Я думаю о тысячах ученых, которые, так же, как и я, не задумывались и ни с кем не говорили об «этом»: о кредиторах, о голоде, об ожогах, о долгих безрезультатных путешествиях, о препятствиях, о предательствах. Поддавшись неуправляемой игре воображения, я представляю себе самый страшный из всех возможных исходов: что всё это окажется совершенно бесполезным. Сколько огромных валунов лежит на дрентской пустоши. Может быть, наши предки годами ворочали и сдвигали их, каждый день на полметра. Годами, каждый день, и ночью они спали у своих валунов.

Лошадей они не знали. Понадеемся, что они умели использовать брёвна как рычаги. Первобытный человек старел быстро, гораздо быстрее, чем мы. В тридцать лет он был уже седым стариком. Потом он заболевал и не мог больше трудиться так тяжело. А камень всё ещё лежал недостаточно близко к двум-трём другим большим камням. Недостаточно близко для того, чтобы мы, потомки, сказали, проходя мимо: «Смотри-ка! Дольмен!»

Какой-то человек истратил свою жизнь на то, чтобы двигать этот валун — ничем не отличающийся для нас от других — по степи. И об этом невозможно догадаться. Это просто большой камень, какие время от времени встречаются на пустоши. Им не заинтересуется ни один палеоантрополог. А впрочем… и не только над этим можно разрыдаться от жалости: ведь даже про тех, кому повезло больше, про тех, кто успел сложить дольмен, мы не знаем ничего, даже имён. Никто никогда не узнает, как звали этих людей. И даже если через тысячу лет сделают какое-нибудь открытие, которое позволит восстановить имена, я умру, так и не узнав об этом. Так же, как умер Кристиаан Гюйгенс, не подозревая, что когда-нибудь из Гааги можно будет наблюдать, как повстанцы и солдаты расстреливают друг друга на Сан-Доминго. Так же, как Юлий Цезарь не знал о существовании Америки. Ацтеки каждый вечер приносили человеческие жертвы, потому что боялись, что иначе на следующее утро не взойдёт солнце. Они делали так всегда, с незапамятных времён, так же привычно, как мы по вечерам заводим будильник. И никто не осмелился проверить, что случится, если однажды пренебречь этим ритуалом и посмотреть, в самом ли деле солнце больше не взойдёт.
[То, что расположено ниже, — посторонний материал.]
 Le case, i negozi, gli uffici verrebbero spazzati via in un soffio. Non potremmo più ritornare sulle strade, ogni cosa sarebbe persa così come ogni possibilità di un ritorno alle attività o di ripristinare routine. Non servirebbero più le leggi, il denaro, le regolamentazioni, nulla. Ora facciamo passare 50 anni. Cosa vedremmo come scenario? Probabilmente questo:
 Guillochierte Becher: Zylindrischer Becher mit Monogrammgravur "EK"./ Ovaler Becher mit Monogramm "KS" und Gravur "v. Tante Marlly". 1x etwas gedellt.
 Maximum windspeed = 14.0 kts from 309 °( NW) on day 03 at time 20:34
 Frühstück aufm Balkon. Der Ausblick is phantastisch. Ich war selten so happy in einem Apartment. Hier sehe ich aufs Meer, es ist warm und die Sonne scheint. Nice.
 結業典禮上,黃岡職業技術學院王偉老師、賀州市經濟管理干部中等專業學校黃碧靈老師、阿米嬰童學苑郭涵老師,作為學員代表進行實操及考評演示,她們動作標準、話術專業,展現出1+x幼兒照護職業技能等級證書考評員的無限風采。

Жил ли когда-нибудь такой ацтек, который сказал бы:

— Но ведь то, что здесь происходит — это безумие!

И кто осмелится поверить, что в мире, где столько жертв приносят совершенно попусту, возможно ещё хоть чем-нибудь пожертвовать не зря?

Я заметил камешек, который чем-то непохож на остальные. Я наклоняюсь. Рюкзак с хлюпаньем опрокидывается вперёд. Чтобы удержать равновесие, мне приходится выбросить вперёд левую руку. Я подбираю камешек.
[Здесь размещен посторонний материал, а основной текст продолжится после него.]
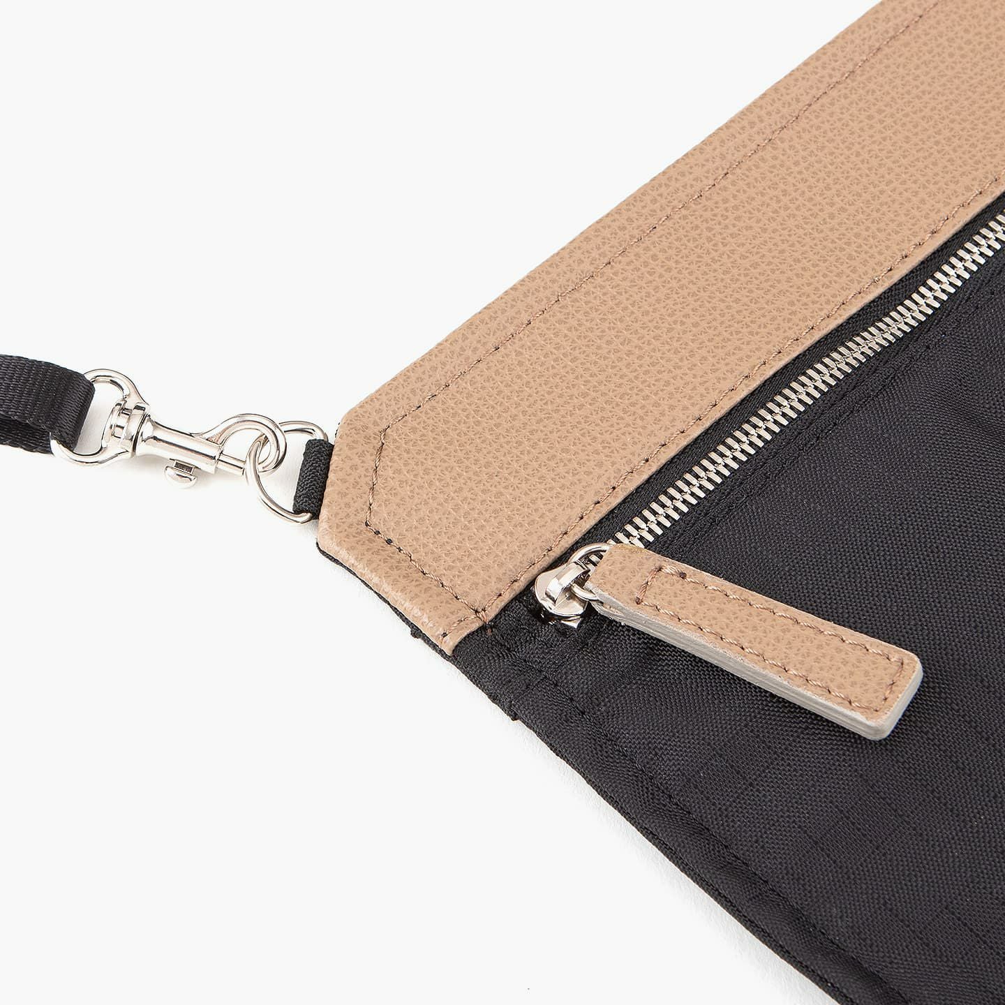 ミニマムなサイズに、細かな工夫と作りを凝縮。携帯電話・二つ折り財布・カードケースなど高さ150mmまでなら、ファスナーポケットに収納できるなど、実用的な設計を追求しています。さらに、高級革バッグを長年作っている熟練職人の縫製などにより、「パラシュートクロス」と「クランブス」をバランス良く組み上げ、実用的な耐久性と丁寧な仕上げで安心して使えるクオリティーを実現。デザインのアクセントでもある「クランブス」の美しい質感が、ハイセンスなファッション性をさらに高めています。
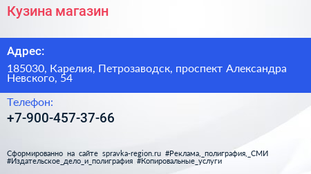 Кузина, магазин по адресу 185030, Карелия, Петрозаводск, проспект Александра Невского, 54 в дальнейшем Организация, размещена в следующих категориях:
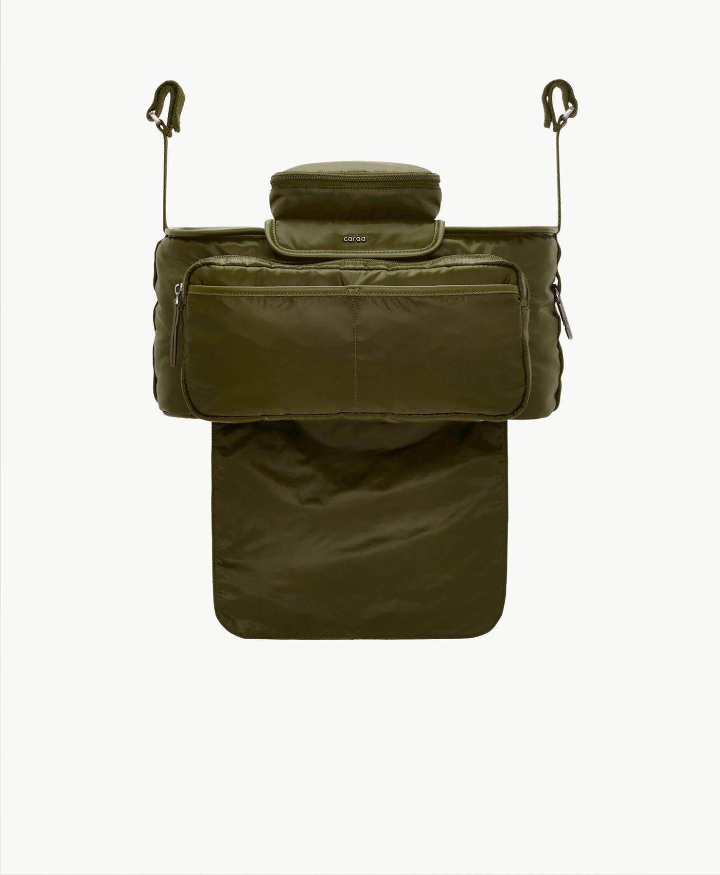 Crafted in a 100% recycled nylon exterior with a water-repellent andantimicrobial lining, this caddy is designed to carry it all—without compromising on style. It holds up to two drink cups, with a spacious main compartment for diapers, wipes, and creams. A roll-out pouch is always handy to store extra change of clothes, while built-in toy hooks keep little ones entertained. A slip pocket offers quick access to your phone, and a zippered pocket keeps essentials like keys and wallet secure.

Он нисколько не тяжелее, чем любой другой. Просто кусок гнейсса, какие тут валяются миллионами. Только потому, что я не поленился его поднять, я засовываю его к себе в карман.

По склону, по которому я сейчас спускаюсь, стелется лёгкий туман, как будто его подножие кипит. Внизу, в глубине, под слоем тумана поблёскивает вода. Это — озеро, крупнее, чем другие озёра: Ливнас-явре!

Арне идёт далеко впереди. Где он остановится, где сбросит свой рюкзак?

Я смотрю на часы: четыре.

В половине шестого Арне останавливается на небольшом плоском возвышении, почти у самой воды, и снимает рюкзак. Силач подходит к Арне и тоже кладёт на землю рюкзак и треножник. Но Квигстад с Миккельсеном стоят друг напротив друга и спокойно болтают, заложив большие пальцы за лямки рюкзаков. Они никуда не торопятся; разумеется, они вовсе не выдохлись.

Они всё ещё стоят так, когда подхожу и я, минут через пятнадцать. Я медленно стаскиваю ремень с плеча, осторожно сваливаю рюкзак на землю. Квигстад достаёт пачку сигарет. Он прерывает свой разговор с Миккельсеном, предлагает мне сигарету и сообщает:

— Черви с одинаковым удовольствием пожирают труп гиены и труп райской птицы. Ты когда-нибудь об этом задумывался? Миккельсен — нет.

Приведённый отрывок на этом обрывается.